▸ ASSIGNMENT: At the line containing "NÁSTĚNNÁ SKŘÍŇKA SE", begin an exact copy of the lines below and continue through the final one, with no pictures.

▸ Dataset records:
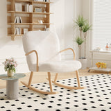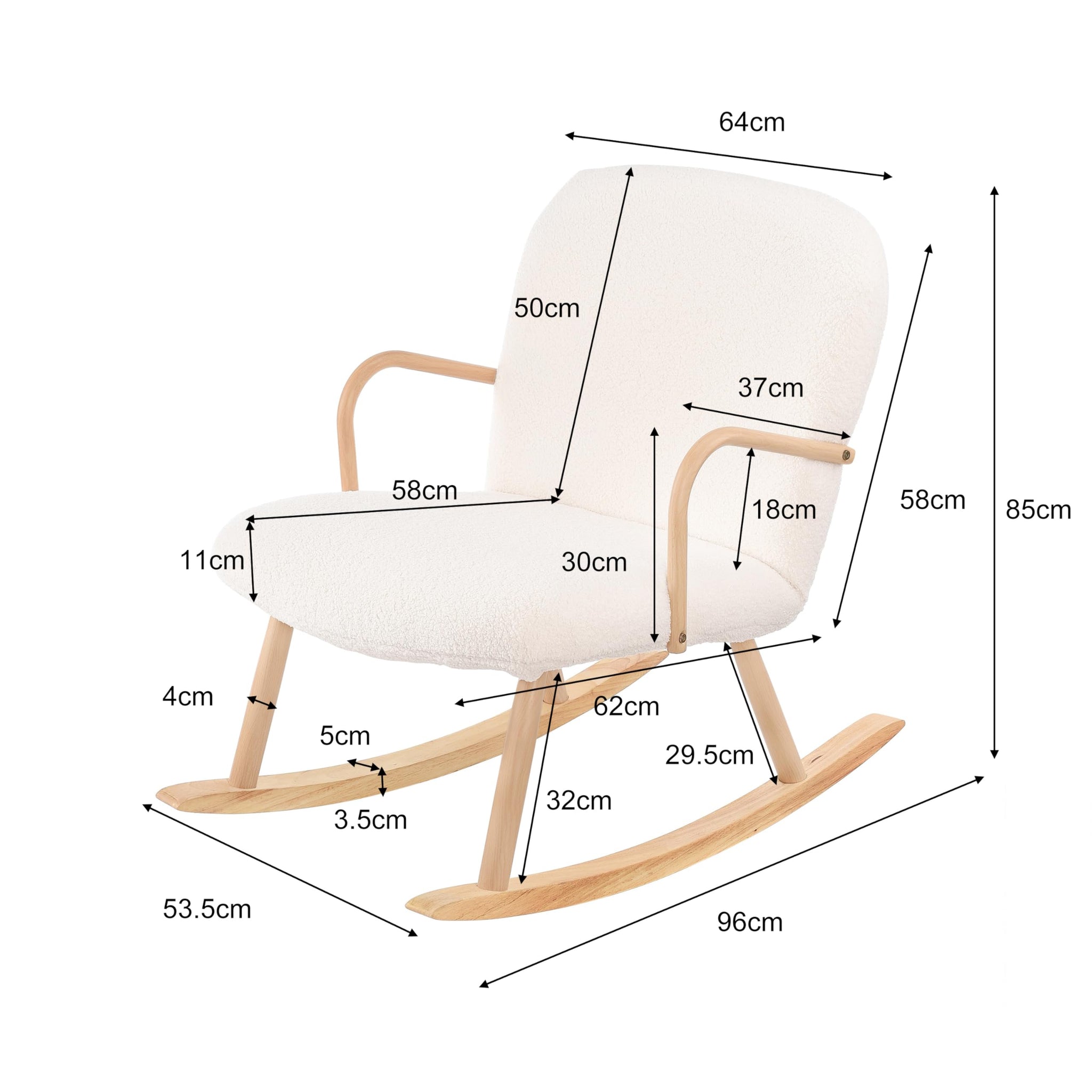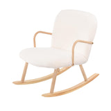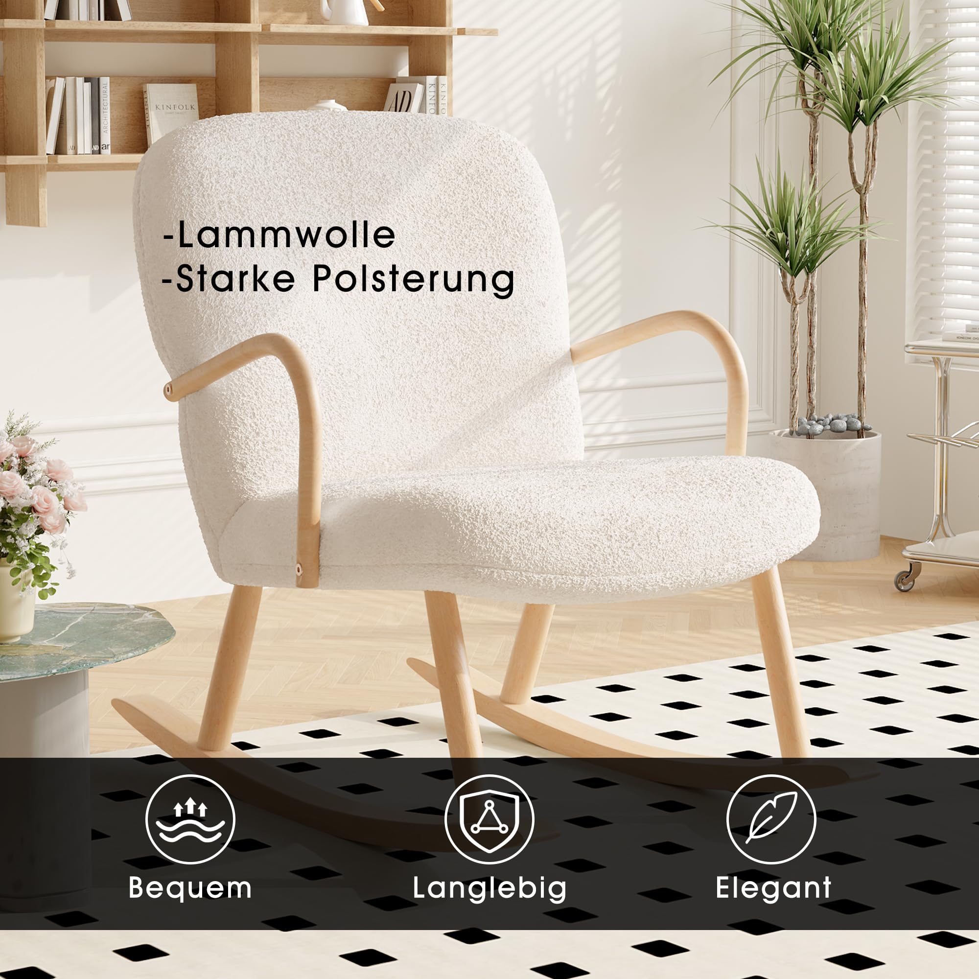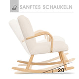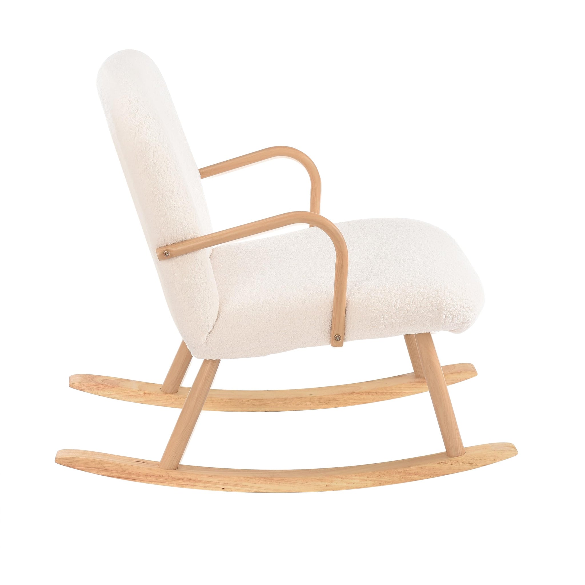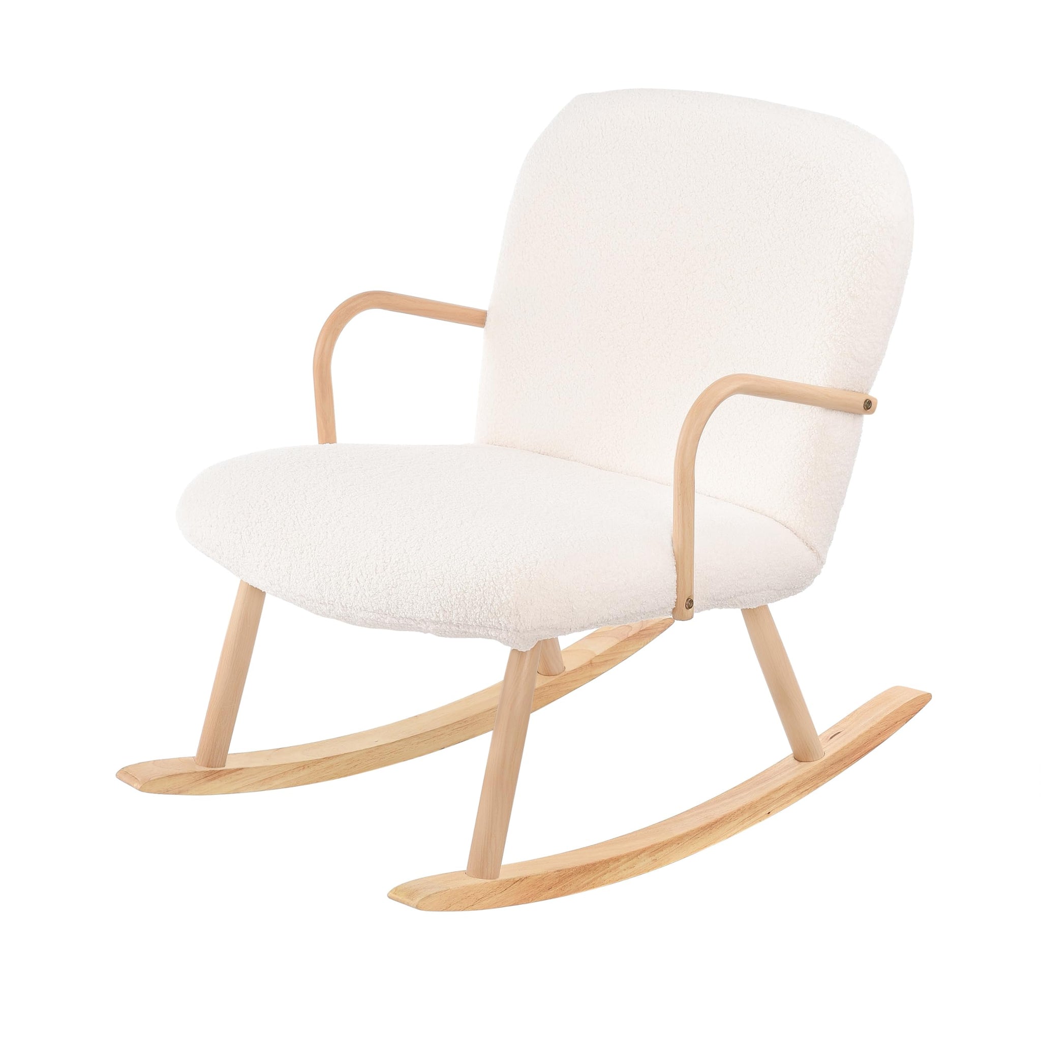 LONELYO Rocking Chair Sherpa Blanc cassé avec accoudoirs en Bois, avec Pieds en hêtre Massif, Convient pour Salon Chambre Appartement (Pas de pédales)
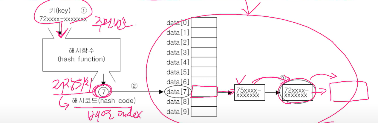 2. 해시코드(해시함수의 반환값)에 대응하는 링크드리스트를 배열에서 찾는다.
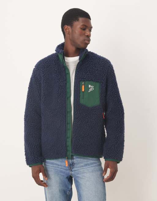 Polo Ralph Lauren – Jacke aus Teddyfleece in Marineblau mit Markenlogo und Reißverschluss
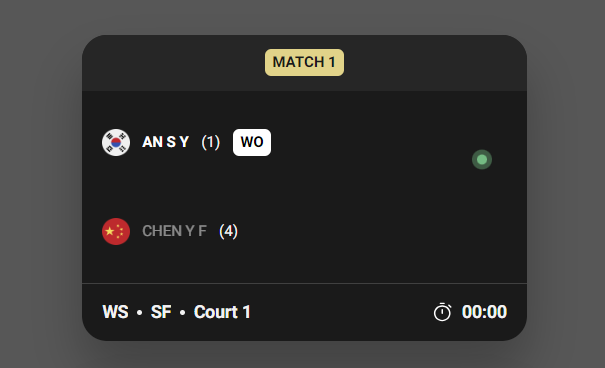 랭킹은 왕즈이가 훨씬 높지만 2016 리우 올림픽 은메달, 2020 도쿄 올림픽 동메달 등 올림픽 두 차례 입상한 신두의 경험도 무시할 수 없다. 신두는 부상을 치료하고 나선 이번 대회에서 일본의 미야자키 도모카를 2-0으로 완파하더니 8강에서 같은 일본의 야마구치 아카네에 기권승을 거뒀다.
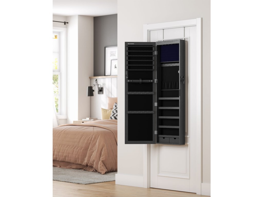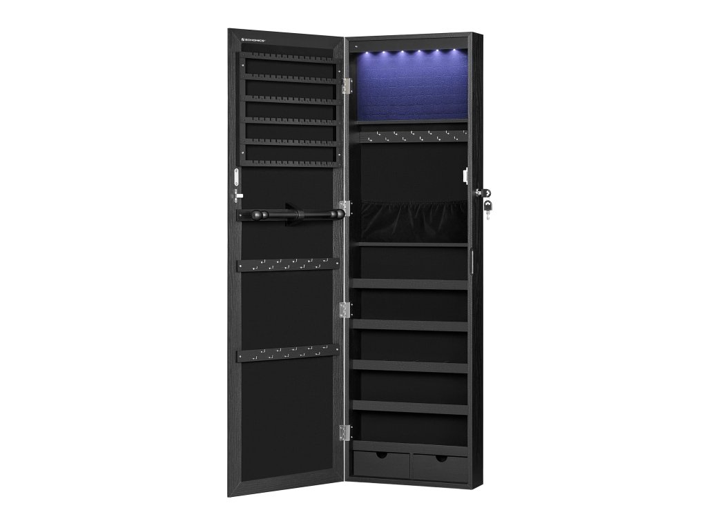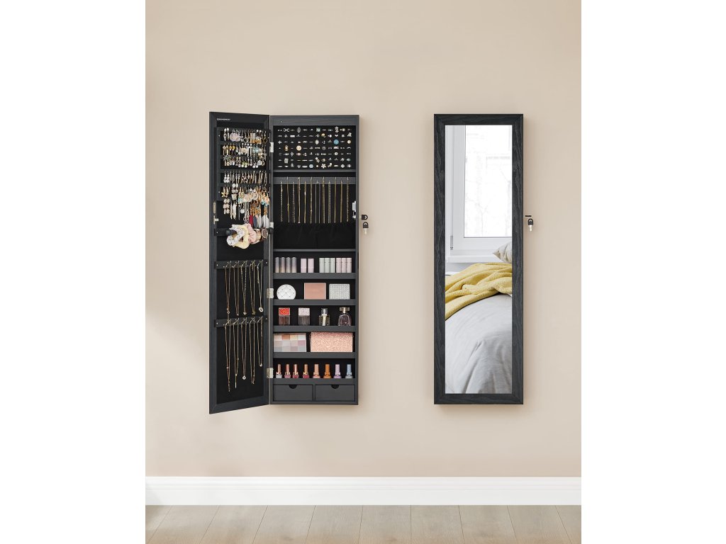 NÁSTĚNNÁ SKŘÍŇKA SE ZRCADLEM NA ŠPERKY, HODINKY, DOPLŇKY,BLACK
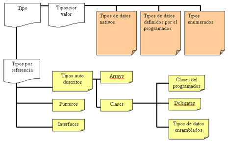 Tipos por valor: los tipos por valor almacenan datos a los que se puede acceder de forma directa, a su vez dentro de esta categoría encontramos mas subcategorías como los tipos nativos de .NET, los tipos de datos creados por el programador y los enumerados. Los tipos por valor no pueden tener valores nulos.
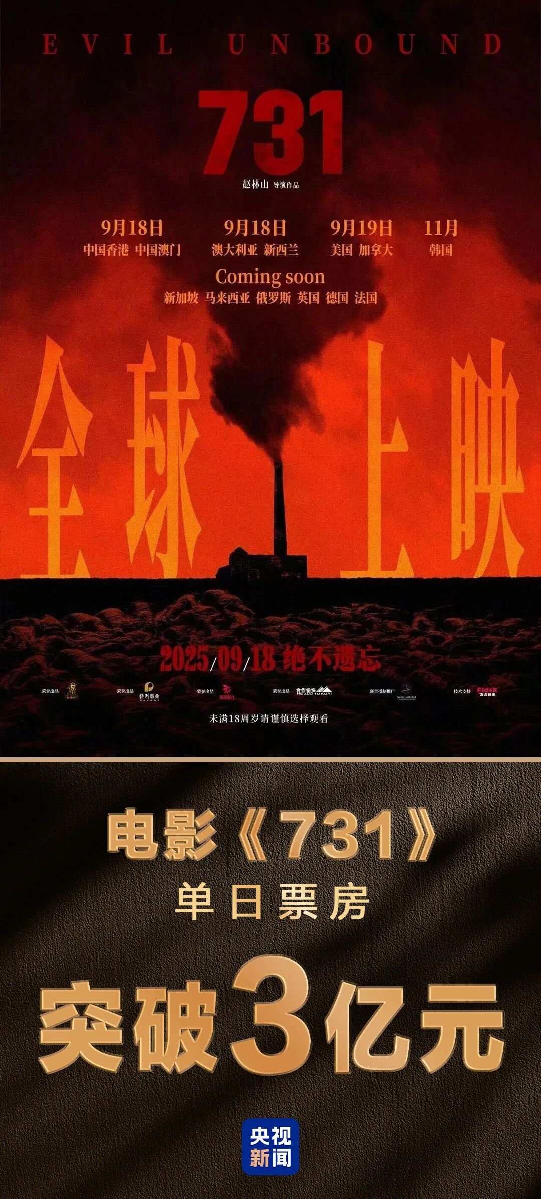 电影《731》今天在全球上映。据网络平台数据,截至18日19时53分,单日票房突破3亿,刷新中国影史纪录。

▸ ANSWER TO THIS TASK:
 NÁSTĚNNÁ SKŘÍŇKA SE ZRCADLEM NA ŠPERKY, HODINKY, DOPLŇKY,BLACK
 Tipos por valor: los tipos por valor almacenan datos a los que se puede acceder de forma directa, a su vez dentro de esta categoría encontramos mas subcategorías como los tipos nativos de .NET, los tipos de datos creados por el programador y los enumerados. Los tipos por valor no pueden tener valores nulos.
 电影《731》今天在全球上映。据网络平台数据,截至18日19时53分,单日票房突破3亿,刷新中国影史纪录。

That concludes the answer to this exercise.